The sterile walls of the room pressed in, suffocating in their perfection. No windows. No door I could open on my own terms. Just the monotonous hum of fluorescent lights above, flickering slightly like they were debating whether to give up on existence entirely.
Honestly, I understood the feeling.
The world outside this room felt distant, like a dream I could no longer touch. A life I was only told about but had never truly known.
The room was a cage. No, not even that. A cage at least had bars, something to grip, something to fight against. This? This was a vacuum, a place where nothing changed, except maybe my own sanity.
I sat still, my hands clenched tightly in my lap. Except now, my fingers weren't just fists of frustration—they were reminders. Traces of something unfamiliar still lingered on my skin, like my body hadn't yet gotten the memo to forget what just happened. Water.
That moment still haunted me. The way the water had moved—not against me, not separate from me, but with me. Like we had some kind of secret agreement I wasn't aware of. Which was ridiculous, because I had always burned. Always destroyed. Fire was inevitable, a force that consumed without hesitation. But water?
Water was patient. Water adapted. Water waited. And frankly, I had never been the waiting type.
So then, why? And how? it wasnt possible to gain more than one ability.
The questions dug into my skull, gnawing at the edges of my certainty. If even my own body could betray me, if even my own ability wasn't what I thought they were—then what else had I been wrong about?
I let out a bitter laugh, running a hand through my hair.

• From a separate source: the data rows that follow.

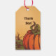 Bara pumpa en i fält. Höst löv faller. Presentetikett
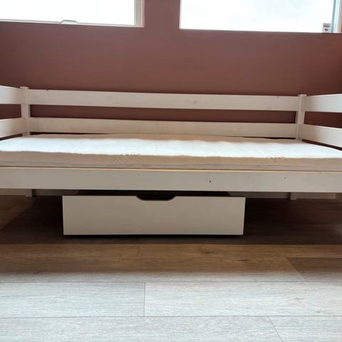 Skuff medfølger ikke. Det er et par bruksmerker på sengen (se bilde 13; øverste platå på trapp), ellers er sengen i god stand og klar for nye eiere.
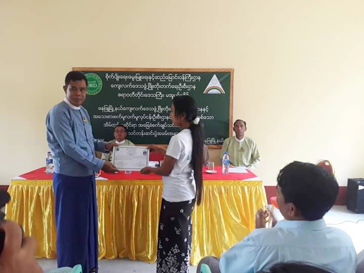 Then, U Wai Lin Maung, head of the Township Rural Development Department clarified the purpose of the course, which was followed by handing out completion certificates and certificates of honor to trainees and outstanding trainees by U Soe Naing.
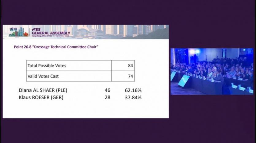 وحصلت الشاعر على 46 صوتاً من أصل 74، أي ما نسبته 63% من أصوات الجمعية العمومية، في انتصار وُصف بأنه “رسالة فلسطينية راقية على صهوة الخيل”.
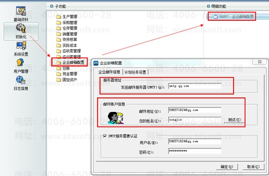 发送服务器:smtp.qq.com或者smtp.163.com电子邮件地址和邮箱账户配置自己的邮箱账套,保存后测试,既可以给配置的邮箱发送邮件,即配置成功。特别注意:这里需要输入的密码并不是登录邮箱的密码,而是开启邮箱SMTP服务的授权码。如何获取邮箱SMTP服务的授权码的授权码?下面已QQ邮箱为例
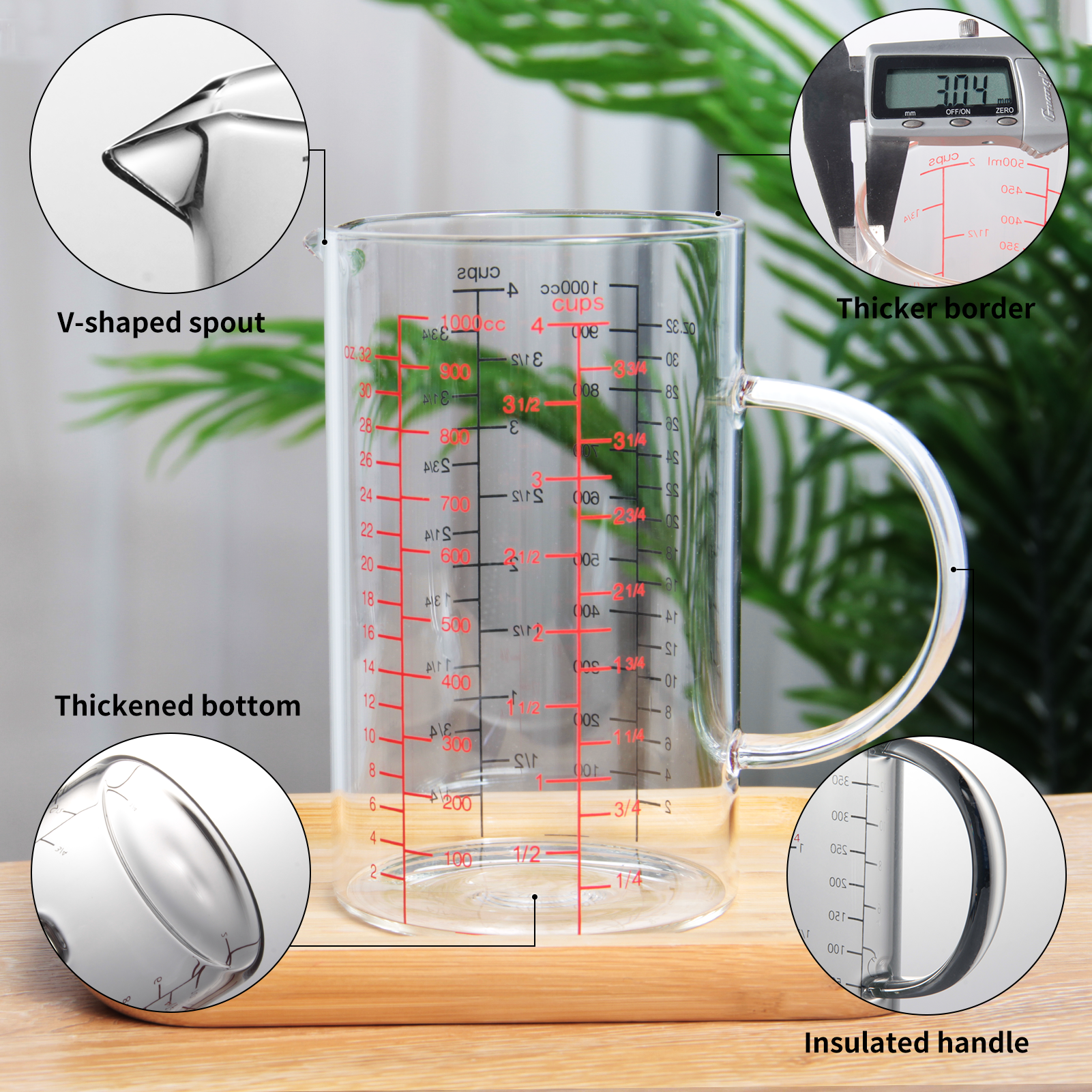 Wide mouth design: The measuring cup is easy to clean. V-shaped spout, liquids can be pouring straight for easy to drainage. Convenient insulated handle
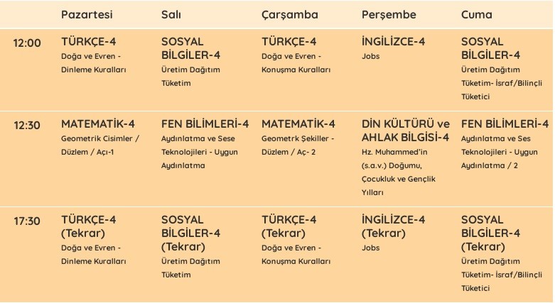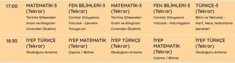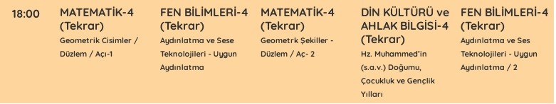 EBA TV ORTAOKUL DERS TEKRAR SAATLERİ İÇİN TIKLAYINIZ
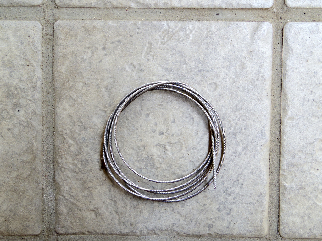 以前、フロントブレーキケーブルを取り替えた際に余っていたブレーキケーブルです。その他、ローター外しのための素材一式はこちら。棚を作ろうとして買ったにも関わらず、サイズ違いで日の目を見なかった、アイリスオーヤマのメタルラックシリーズのサイドバー。100円ショップで買った結束バンド(小)、それとブレーキケーブルです。
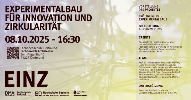 Das Kooperationsprojekt EINZ - Experimentalbau für Nachhaltigkeit und Zirkularität´von Prof. Sven Pfeiffer und Prof. Dr. Volker Helm (FH Dortmund, Digitale Methoden in der Architektur) im Rahmen des Applied Excellence Department (AED) untersucht die Integration von künstlicher Intelligenz (KI) in den Bereich der Architektur in Verbindung mit umweltverträglichen Materialien.
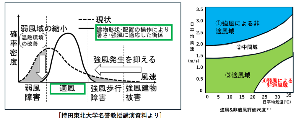 すなわち都市においては、「強風障害(ビル風)」と「弱風障害」(風通し障害)が混在する状況となっています。
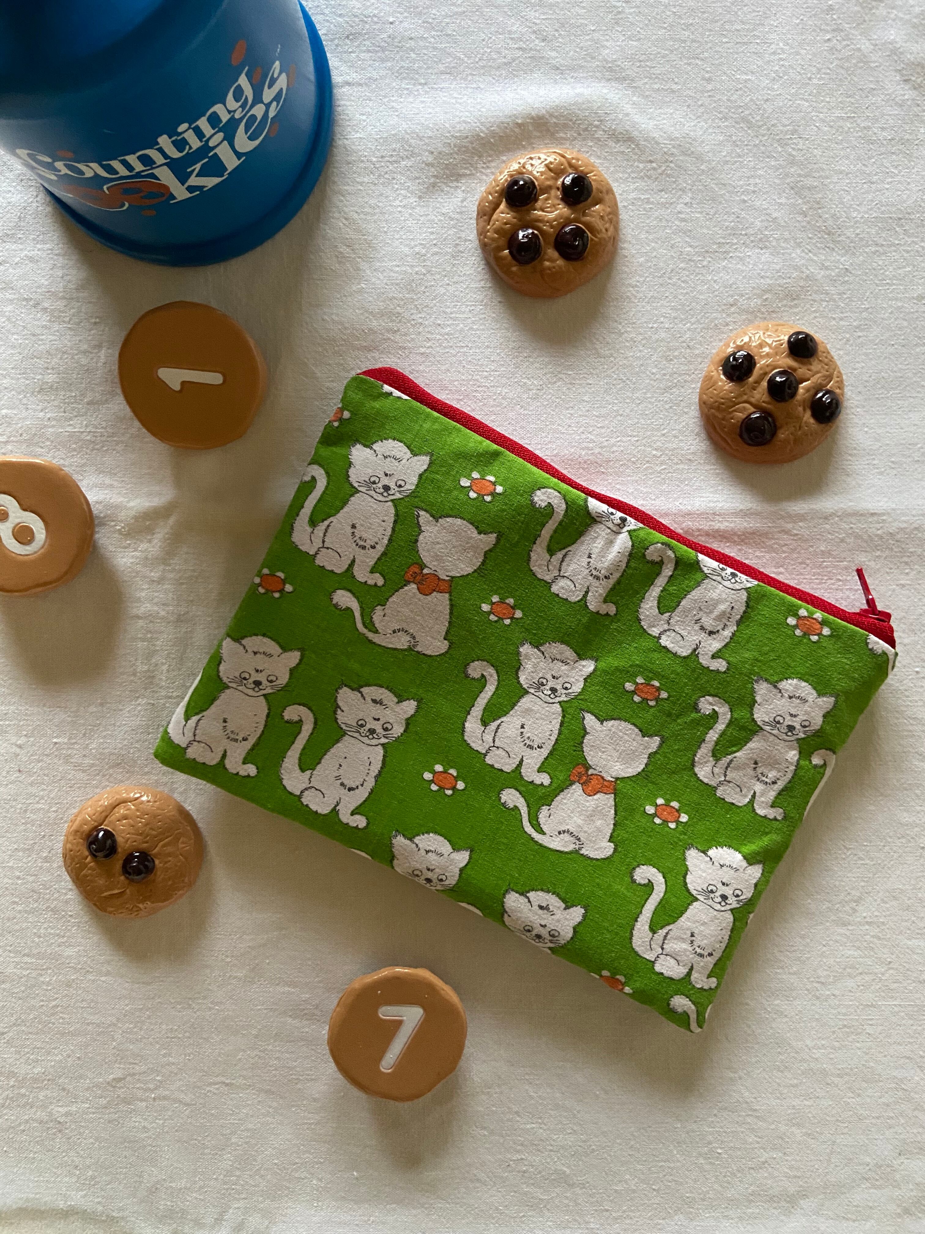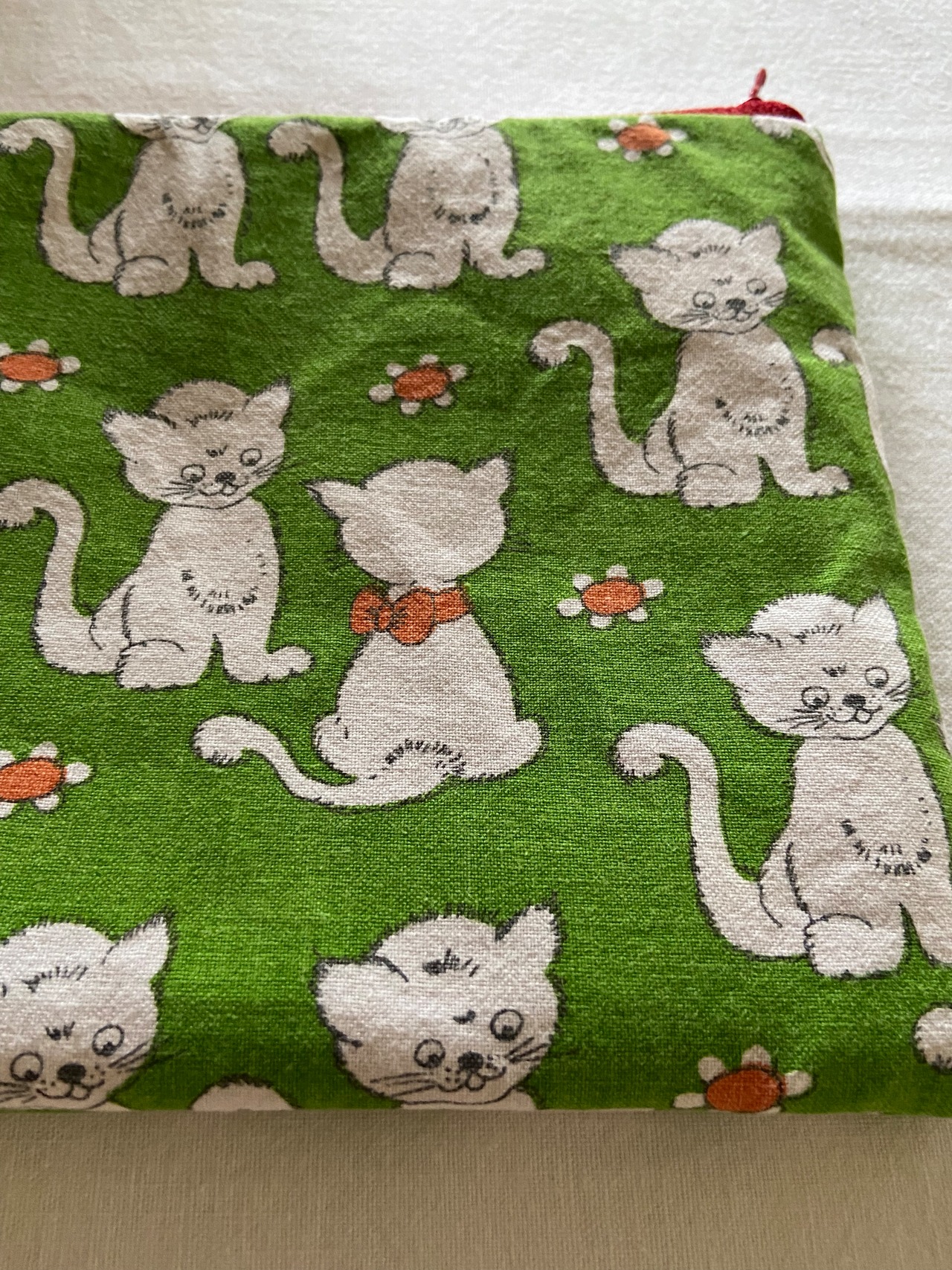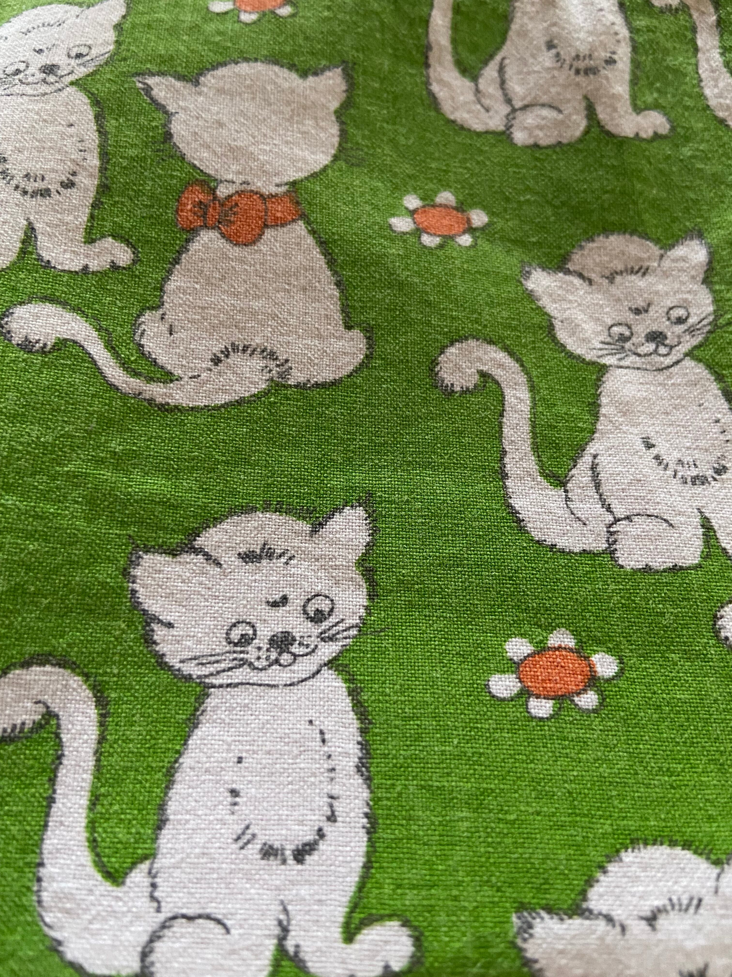 グリーンベイスの生地にぞろぞろと猫ちゃんがたくさん♫
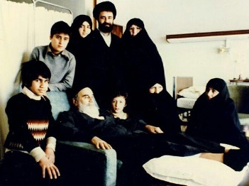 از راست:فاطمه طباطبایی، زهرا مصطفوی،خانم(همسر امام )، حاج احمدآقا، زهرا اشراقی، علی اشراقی . سیدحسن خمینی تصویر سمت چپ امام .
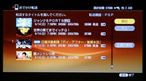 また、PSP側のメモリースティックに空き容量が不足している場合、転送可能な分だけを録画時間の早い順から転送してくれる。この場合、PSP側でタイトルを削除して、再びワンタッチ転送をすると、未転送のタイトルだけを転送してくれるなど、なかなか賢い。
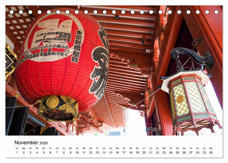 Tokio, die Hauptstadt von Japan, steht für moderne Architektur und verrückte Trends. Doch zwischen den Hochhäusern finden sich wunderschöne, historische Schreine, Tempel und Pagoden. Seit tausenden von Jahren wird hier gebetet und fanden Samurai ihre letzte Ruhestätte. Auch heute noch residiert der Japanische Kaiser in seinem Palast mitten in der Stadt. Dieser Kalender zeigt die farbenprächigen und historischen Wahrzeichen der Stadt.
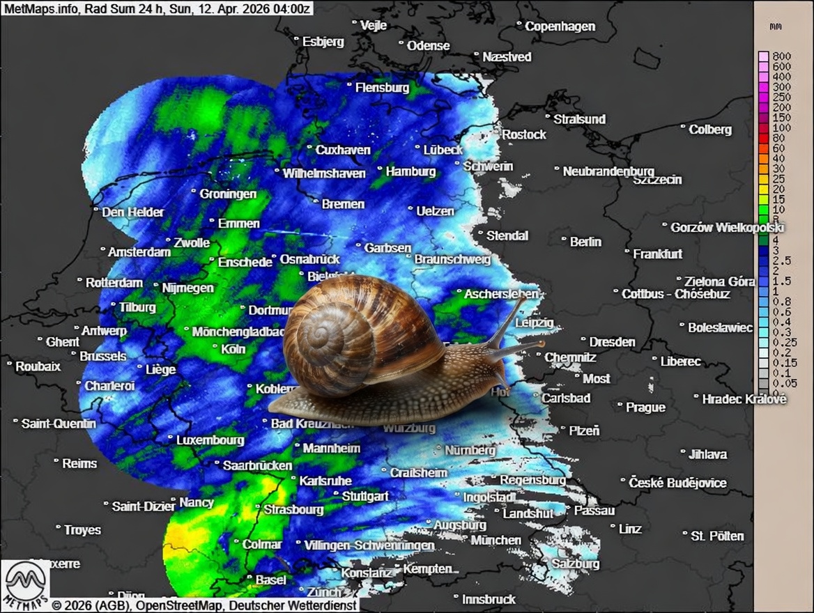 Hier die 24 Stunden Radarregenmenge und die Regenmenge mit den Temperaturen für den bescheidenen Sonntag.
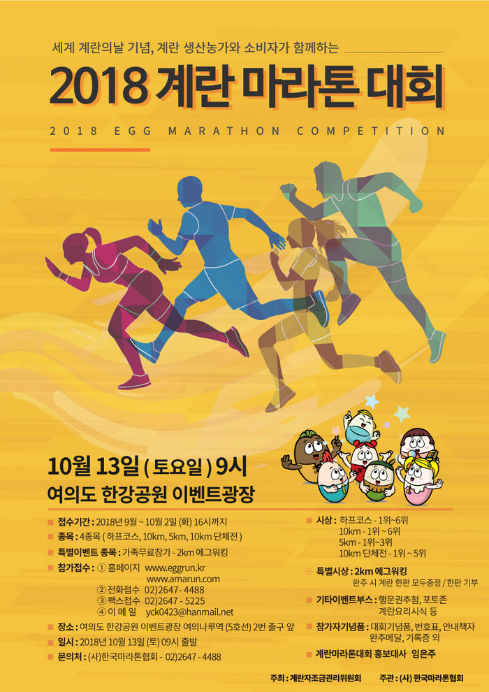 [로컬세계 이명호 기자]계란자조금관리위원회(위원장 남기훈)는 오는 10월 13일 서울 여의도 한강공원 이벤트 광장에서 ‘2018 계란마라톤대회’를 개최한다고 1일 밝혔다.
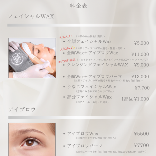 フェイシャルWAX脱毛とアイブロウの専門サロンてす。
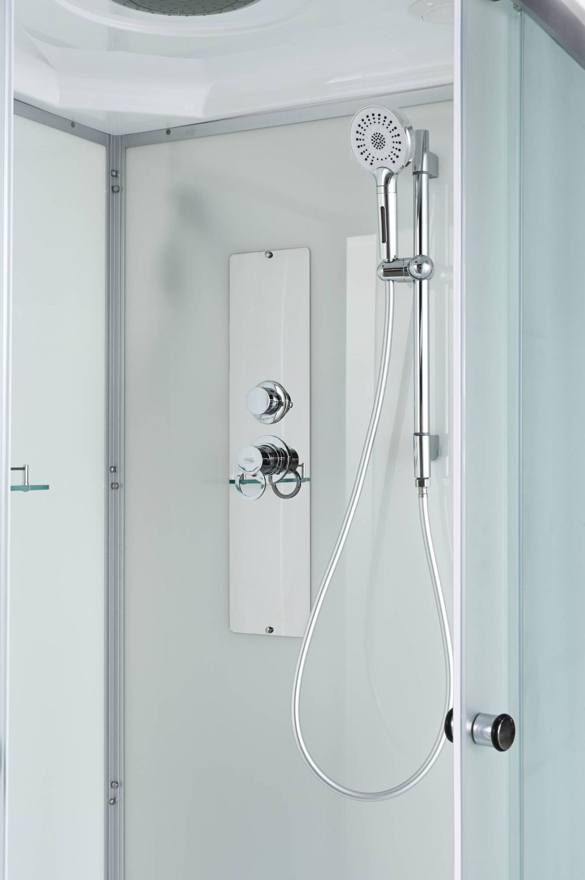 Стильная душевая кабина AvaCan D3080  сочетает в себе высокую функциональность, практичность и надежность. При изготовлении применяется безопасное закаленное стекло толщиной 4 мм (матовое), надежно фиксируемое алюминиевым профилем. Сборка без силикона (увеличивает срок службы), внутренняя сборка (облегчает установку и ревизию, позволяет установить душевую кабину в ограниченном пространстве),смеситель резьбовой (без хомутов), съемный экран поддона (позволяет осуществлять ревизию сифона), цвет профиля матовый хром. Двойные металлические ролики дверей (увеличивают срок службы).В комплекте : душевая штанга, полочка, тропический (верхний) душ, арома-лейка с витамином С (картридж съемный).

No. It didn't matter. It didn't change anything. This wasn't some grand revelation—it was just another sick joke. A fun little cosmic prank at my expense. Next thing I knew, I'd wake up tomorrow and discover I could control houseplants or speak fluent dolphin.
Choice. Now that was a word people loved throwing around. Like it meant something. Like it wasn't just a nicer way of saying, Here's an illusion of control, have fun with that. I could pretend Ezekiel's offer was a choice. I could tell myself I had the power to refuse, to walk away, to decide my own path. But I couldn't even open the damn door to this room in the mornings and at night.
Yeah. Real empowering. No, I had never been given a choice. Not when I was locked away. Not when my family let me disappear. Not when my own body decided, Hey, what if we switch things up a bit? I had only ever been reacting, trying to make sense of a life that had never been mine to control.
I stared at my hands again. Fire had always felt like a truth I never needed to question. Water felt like a lie I didn't know how to believe. And yet, its real. I had felt it.
That should've meant something.
…But what?
Could it mean I wasn't as trapped as I thought? That not everything was set in stone? I swallowed hard. No. That was dangerous thinking. If I let myself believe that, then I'd have to accept the possibility that other things weren't as solid as they seemed, either. My family. My memories. The truth I had built my hatred on.
And if that cracked, if even one piece of that foundation was wrong,then what the hell was left of me?
The walls around me felt even smaller. The air heavier. It wasn't just the room that was suffocating, it was the weight of knowing that if I questioned one thing, I might have to question everything.
I grabbed the cup of water sitting on my monitor stand, more out of habit than anything. My fingers hovered over the surface, just barely brushing against the rim.
The water shivered.
I froze. Oh, hell no. With all the grace of someone avoiding a cursed artifact, I carefully set the cup back down. Nope. Not dealing with that. Not tonight. Not ever.
I forced myself to look away from my hands.
There was no escape. No true choice. Not for me. Maybe that was the only truth I could hold onto. Maybe the only thing I could do was survive in the illusion. Play the part I had been given.
But then why?
Why couldn't I stop thinking about the water?
And why, despite everything, did it feel like the first real crack in the walls of my fate?